» **Dataset content**:
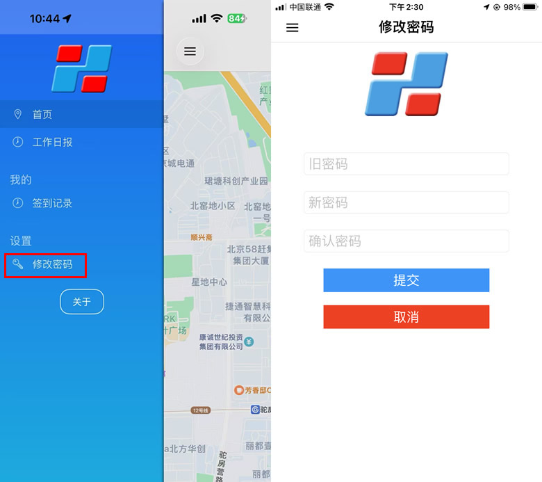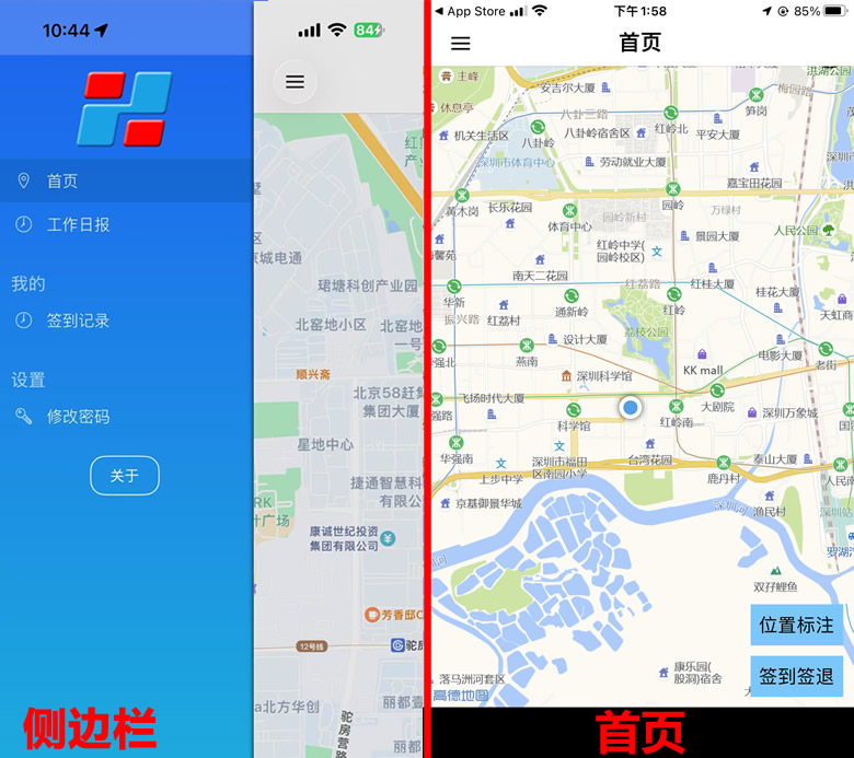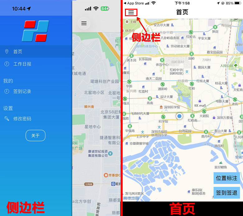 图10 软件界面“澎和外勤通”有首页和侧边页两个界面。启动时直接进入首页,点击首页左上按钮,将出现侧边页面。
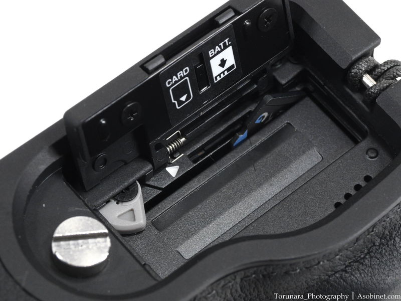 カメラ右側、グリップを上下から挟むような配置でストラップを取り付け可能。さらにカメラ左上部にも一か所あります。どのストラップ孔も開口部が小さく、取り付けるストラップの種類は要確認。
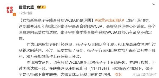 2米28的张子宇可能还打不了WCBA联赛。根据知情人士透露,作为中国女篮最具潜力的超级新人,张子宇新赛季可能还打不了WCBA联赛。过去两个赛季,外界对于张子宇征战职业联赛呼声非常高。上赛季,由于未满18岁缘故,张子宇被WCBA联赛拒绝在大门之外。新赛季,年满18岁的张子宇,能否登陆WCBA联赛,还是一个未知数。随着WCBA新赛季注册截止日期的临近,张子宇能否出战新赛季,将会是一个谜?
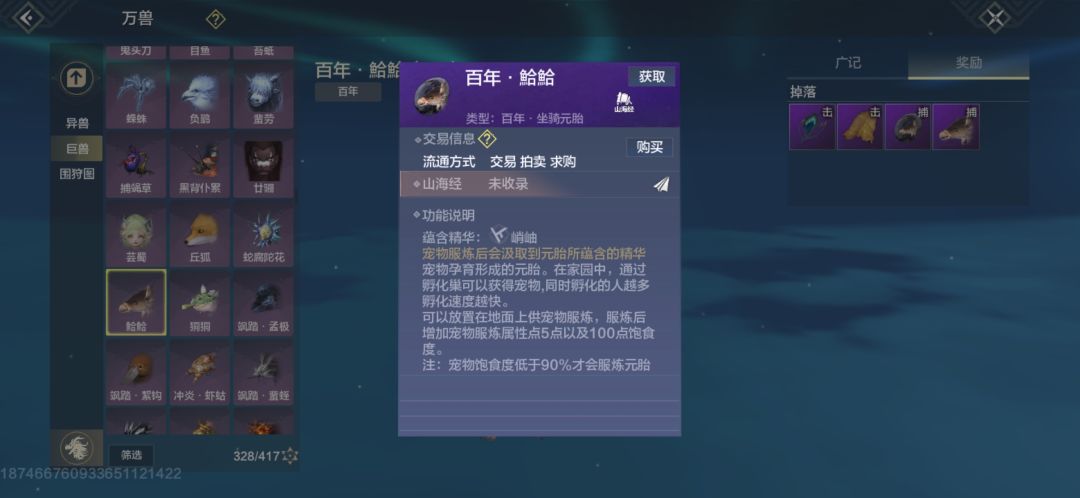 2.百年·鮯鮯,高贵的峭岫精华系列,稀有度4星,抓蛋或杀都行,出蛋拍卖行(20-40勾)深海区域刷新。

» **What needs to be done**: Copy the data exactly. Any picture it contains is to be omitted.

» **Response for this exercise**:
 图10 软件界面“澎和外勤通”有首页和侧边页两个界面。启动时直接进入首页,点击首页左上按钮,将出现侧边页面。
 カメラ右側、グリップを上下から挟むような配置でストラップを取り付け可能。さらにカメラ左上部にも一か所あります。どのストラップ孔も開口部が小さく、取り付けるストラップの種類は要確認。
 2米28的张子宇可能还打不了WCBA联赛。根据知情人士透露,作为中国女篮最具潜力的超级新人,张子宇新赛季可能还打不了WCBA联赛。过去两个赛季,外界对于张子宇征战职业联赛呼声非常高。上赛季,由于未满18岁缘故,张子宇被WCBA联赛拒绝在大门之外。新赛季,年满18岁的张子宇,能否登陆WCBA联赛,还是一个未知数。随着WCBA新赛季注册截止日期的临近,张子宇能否出战新赛季,将会是一个谜?
 2.百年·鮯鮯,高贵的峭岫精华系列,稀有度4星,抓蛋或杀都行,出蛋拍卖行(20-40勾)深海区域刷新。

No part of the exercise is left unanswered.